I never had a bolognese in bologna, and i assume every family in bologna has its own version, like everything else. However the "Accademia Italiana della Cucina e l'associazione Confraternita del Tortellino" (which (get this) means italian academy of cooking and the confraternity of the tortellino) has registered ragu alla bolognese as a historically important recipe with the chamber of commerce in bologna.
the beef is supposed to be from a part of the animal near the stomach which is particularly fatty. I'll translate the recipe i found which claims to be the traditional one. 
However, notice that a major problem with american presentations of pasta, is that *an italian would never serve the pasta with the sauce on top,* but the sauce must be mixed with the pasta as soon as you drain it, or it gets all sticky and disgusting. This keeps the pasta separate.

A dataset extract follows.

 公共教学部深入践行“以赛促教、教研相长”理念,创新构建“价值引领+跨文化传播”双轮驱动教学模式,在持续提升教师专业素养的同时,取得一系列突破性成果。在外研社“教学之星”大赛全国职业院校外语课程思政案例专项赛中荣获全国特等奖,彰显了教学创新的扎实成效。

Here's the traditional recipe for 4 portions (sauce alone has 700 calories per serving. 
300 grams of this beef mentioned above called "cartella", ground
150 grams of unsmoked and unsalted fatty bacon meat (pancetta dolce) minced
1 carrot
1 celery 
1 onion (each about 50 gm)
5 spoonfuls of tomato paste mixed with a ladleful of broth
1/2 glass of white or red wine
200 grams of whole milk

melt the bacon in a pan. Add the finely chopped vegetables and let them slowly get soft. Add the ground meat and let it cook, mixing occasionally, until it gets slightly browned. Add the wine and the tomato paste mixed with broth and let it simmer for 2 hours, adding milk a little at a time, and seasoning with salt and black pepper. 
If you like you can add at the end, about a half a cup of heavy cream.

Most people today make it with lean beef and pork, and use tomatoes not paste, and no milk or cream. It's those calories that they try to eliminate.


----------



## bluedogz (Oct 11, 2006)

Cooks Illustrated did an interesting deconstruction of a bolognese last month. They talked about most of the questions you asked.


----------



## rpmcmurphy (Jan 8, 2008)

thanks, i ended up using batallis and emerils recipes....pictures look deceiving s far as how red it was, but i DID add a tad more tomatos than batalli called for but way less than emeril as I wanted a little more. 

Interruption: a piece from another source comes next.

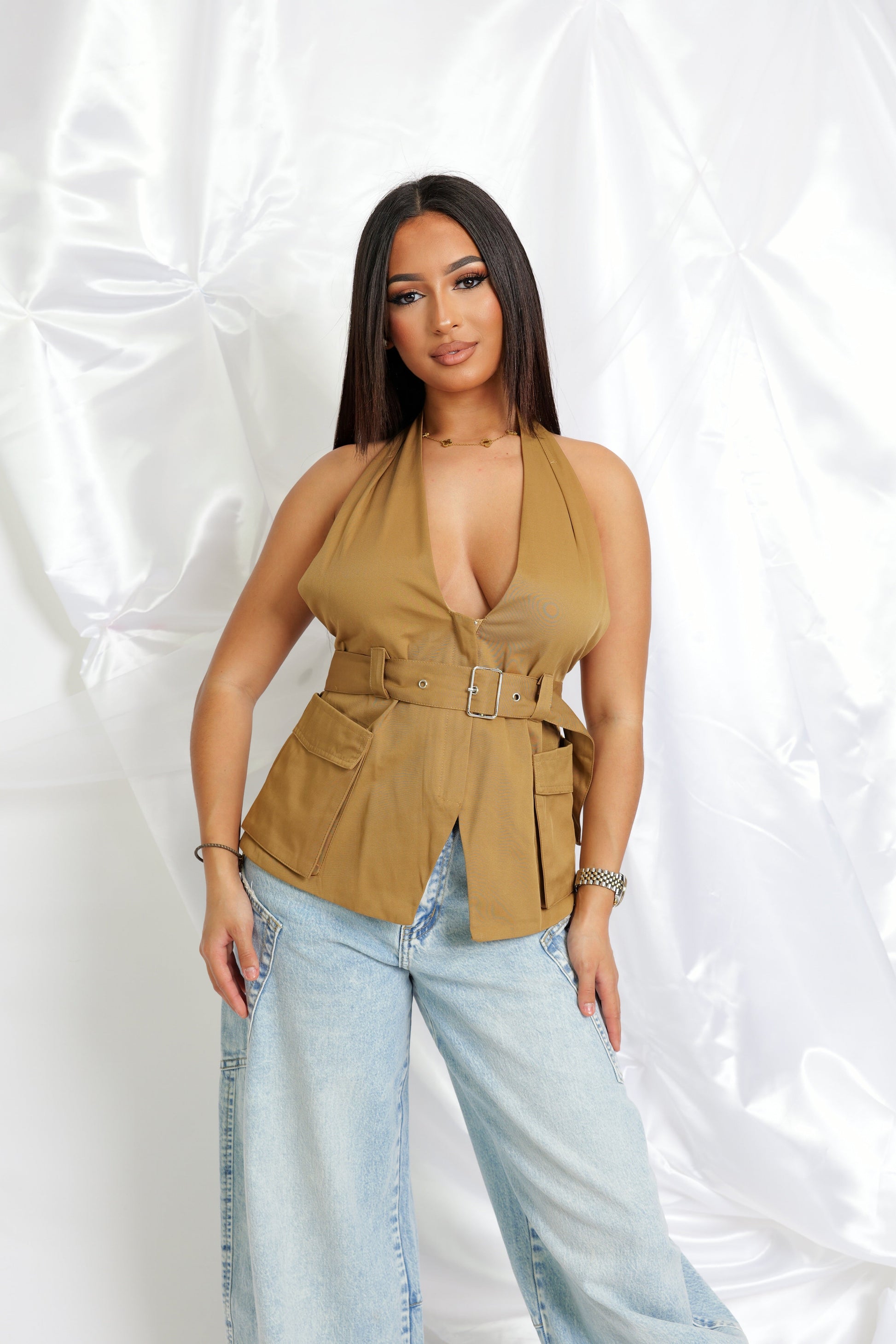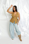 Directement inspiré de la tendance année 2000, le Top Millenium Babe incarne l’audace et la féminité assumée. Sa coupe halter met en valeur les épaules tandis que son décolleté plongeant sublime la silhouette avec élégance.

and I usually toss my pasta in my sauce.....but well...that doesnt make good for pretty pictures hahaha. 

siduri , i used your recipe almost to a T, but just added some more tomato in it. I used a 50/50 of veal and pork, and threw in some hot sausage to my liking. 

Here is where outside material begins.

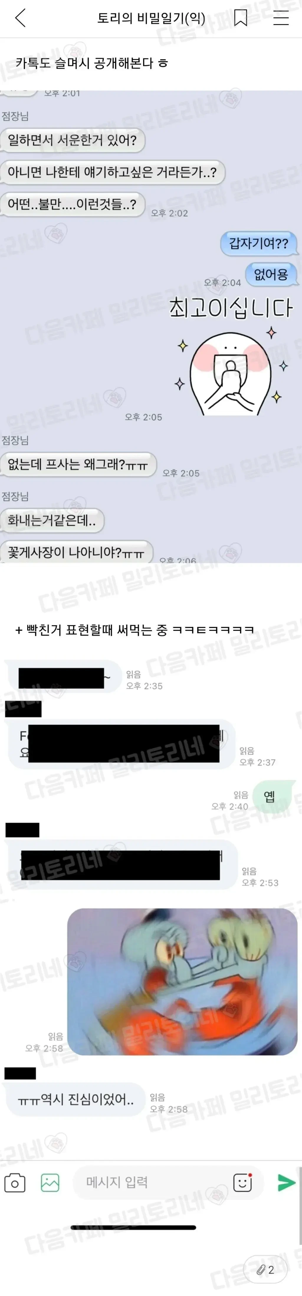 [스크랩] [흥미돋]맥날 알바의 카톡 프사 작성자구름예쁘다|작성시간25.10.19|조회수61,367 목록 댓글 23 글자크기 작게가 글자크기 크게가 출처: 밀리토리네 ㅠㅠ... 꽃게 사장이 나 아니야?...ㅠㅠ 다음검색 스크랩 원문 : *여성시대* 차분한 20대들의 알흠다운 공간 현재 게시글 추가 기능 열기 북마크 공유하기 신고 센터로 신고 댓글 댓글 23 댓글쓰기 답글쓰기 댓글 리스트 작성자reethm | 작성시간 25.10.19 ㅅㅂ ㅋㅋㅋㅋㅋㅋㅋㅋㅋㅋㅋㅋㅋㅋㅋㅋ 꽃게사장이 나아냐? ㅋㅋㅋㅋㅋㅋ 작성자롬앤앤 | 작성시간 25.10.20 아씨ㅋㅋㅋㅋㅋ개웃기고 귀엽다 작성자혼자웃기고앉아있네 | 작성시간 25.10.20 존나웃기닼ㅋㅋㅋㅋㅋ 작성자아기올라프 | 작성시간 25.10.20 꽃게ㅋㅋㅋㅋㅋㅋㅋㅋㅋ 작성자카드값줘췌리 | 작성시간 25.10.20 ㅋㅋㅋㅋㅋㅌㅌㅌ 댓글 전체보기

thanks for all of the recommendations guys!


----------



## rpmcmurphy (Jan 8, 2008)

Someone gave me some nice not-fresh but not barilla tagliatelle so I may whip up a bolognese again tonight...in a little more "traditional" fashion and not add as much tomatoes as last time.


----------



## food-macro (May 13, 2008)

RPMcMurphy: Thanks for those two links they gave me ideas for a meal one night. That pasta looks ver appetizing good job.

Thanks for the little Italian lesson at least i learned somthing very interesting today hehe.


----------